I saw that about them being sold with the salt in NY. I think out of other websites reviews, only one person has not enjoyed them.
If I like them(and I love most potatoes dishes) I plan on making them for a huge BBQ well be having in late june. I told my mom about them today and she wants to try them now too lol 
Thanks for your advice and information about them!


----------



## AmandaN80 (May 29, 2011)

These are awesome! Cant wait to make them for my family and friends!


----------



## Bolas De Fraile (May 30, 2011)

You both have good taste Carnarios or Papas Arrugadas served with Mojo Picon is a favorite nibble whilst waiting for the BBQ.
I am so crazy that if you check out the recent thread on San Marzano Tomatoes I explain how I am trying to recreate the soil to grow the pots for this dish.


----------



## AmandaN80 (May 30, 2011)

Bolas, Ill go look  Thanks


----------



## CWS4322 (May 31, 2011)

I missed the original discussion/recipe.

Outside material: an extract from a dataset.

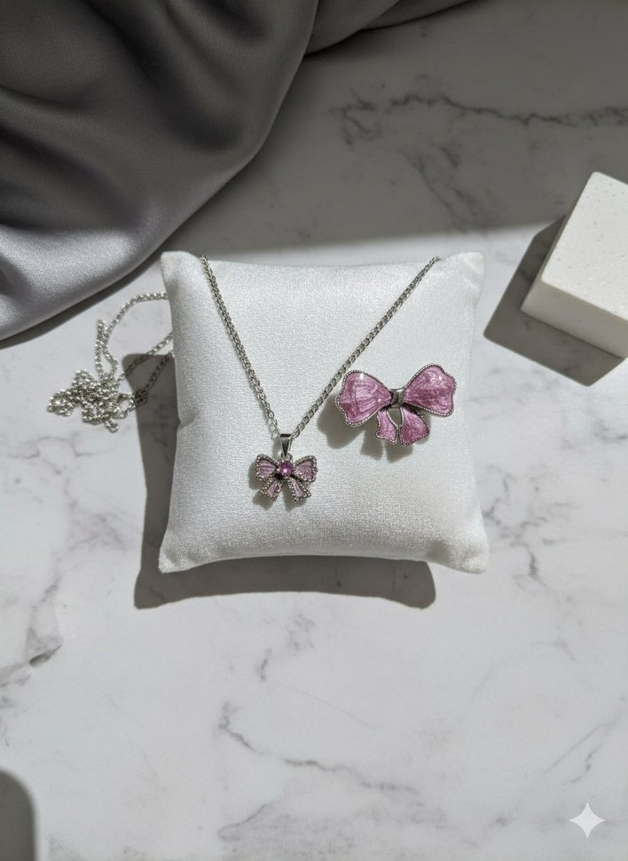 Pembe Fiyonk Detaylı Mini Kolye ve büyük fiyonk yüzük

Can s/one pretty please point me to it? I am somewhat challenged when it comes to searching the forum for posts...


----------



## silentmeow (May 31, 2011)

These sound delicious.  Could someone give me the recipe or point me in the right direction?


----------



## Aunt Bea (May 31, 2011)

http://www.discusscooking.com/forums/f126/salt-72462.html?highlight=uses+for+salt

This is the thread


----------



## Bolas De Fraile (May 31, 2011)

This is the recipe I usehttp://www.discoverlanzarote.com/papas_arrugadas.asp
There is a state owned museum of local history, near the roundabout by the monument de campesinos, it has a restaurant that only serves traditional Lanzarote food. They do suckling pig roast in salt.


----------



## Aunt Bea (May 31, 2011)

Bolas De Fraile said:


> This is the recipe I usePapas Arrugadas Recipe - DiscoverLanzarote.com
> There is a state owned museum of local history, near the roundabout by the monument de campesinos, it has a restaurant that only serves traditional Lanzarote food. They do suckling pig roast in salt.


 

The picture with the link says it all!

These are always on the menu when we have Bakers Cornell grilled chicken and a bottle or two of beer.

Did I mention the beer


----------



## CWS4322 (May 31, 2011)

Thanks!


----------



## AmandaN80 (May 31, 2011)

I ended up cooking in smaller batches so I had about 6-9 small yellow potatoes and put in about a 1/4c of sea salt. I used Morton brand. Then scrubbed the potatoes and put them in the cold water(about 8 cups maybe) and poured the salt in and put it on high heat for about 45 mins
:-D They were better room temp/chilly to me and the kids


----------



## AmandaN80 (May 31, 2011)

oh and I drained them and within a few minutes had a light crust on them too


----------